Exercise — The listing is to be reproduced exactly, excluding its pictures.

Data block —

____

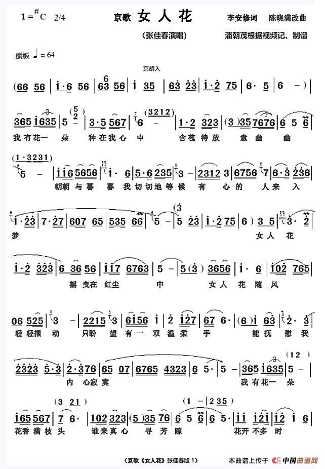 关于《京歌《女人花》张佳春演唱谱》曲谱的评论
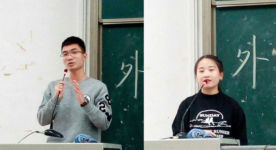 会议上,辅导员黄玉亭发表了诚信考试动员讲话,突出了诚信考试的重要性和必要性,鼓励同学们科学有计划地复习期末考。各班团支书分别从思想建设、班级活动、学风建设和下学期班级活动计划等方面做班干部工作展示。其中商务英语四班通过精美的PPT展示图表、数据和照片分享了班级活动成果,突出了积极有效的班级活动,爱学比学的学习氛围,张弛有度的班级纪律。德语1班重点介绍了清晰明了的班级规划,通过组建学习小组,全力攻关德语专业四级等级考试。商务英语5班在总结中从以往班级活动的成功案例特别介绍了策划组织活动的有效办法。商务英语7班突出分享了班级丰富多彩的“每周一练”体育活动。各班干部演讲侃侃而谈,各班工作亮点大放异彩。此外,2016级年级委员代表也发表了总结讲话,并提出在学生干部工作中细节决定成败、凡事都应未雨绸缪和突发时刻随机应变的工作体会。
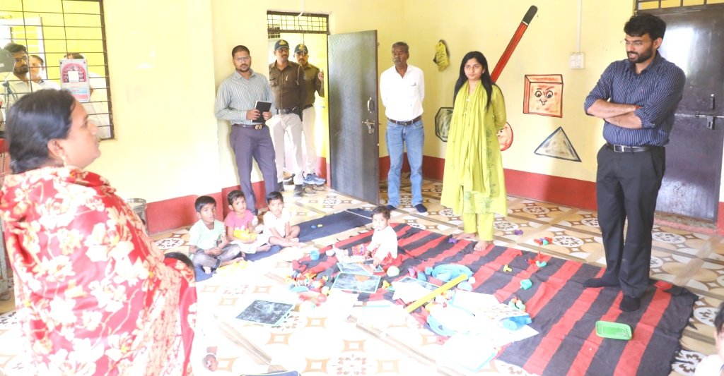 कलेक्टर ने किया आंगनवाडी केंद्र बरलाई का निरीक्षण

____

Task solution —
 关于《京歌《女人花》张佳春演唱谱》曲谱的评论
 会议上,辅导员黄玉亭发表了诚信考试动员讲话,突出了诚信考试的重要性和必要性,鼓励同学们科学有计划地复习期末考。各班团支书分别从思想建设、班级活动、学风建设和下学期班级活动计划等方面做班干部工作展示。其中商务英语四班通过精美的PPT展示图表、数据和照片分享了班级活动成果,突出了积极有效的班级活动,爱学比学的学习氛围,张弛有度的班级纪律。德语1班重点介绍了清晰明了的班级规划,通过组建学习小组,全力攻关德语专业四级等级考试。商务英语5班在总结中从以往班级活动的成功案例特别介绍了策划组织活动的有效办法。商务英语7班突出分享了班级丰富多彩的“每周一练”体育活动。各班干部演讲侃侃而谈,各班工作亮点大放异彩。此外,2016级年级委员代表也发表了总结讲话,并提出在学生干部工作中细节决定成败、凡事都应未雨绸缪和突发时刻随机应变的工作体会。
 कलेक्टर ने किया आंगनवाडी केंद्र बरलाई का निरीक्षण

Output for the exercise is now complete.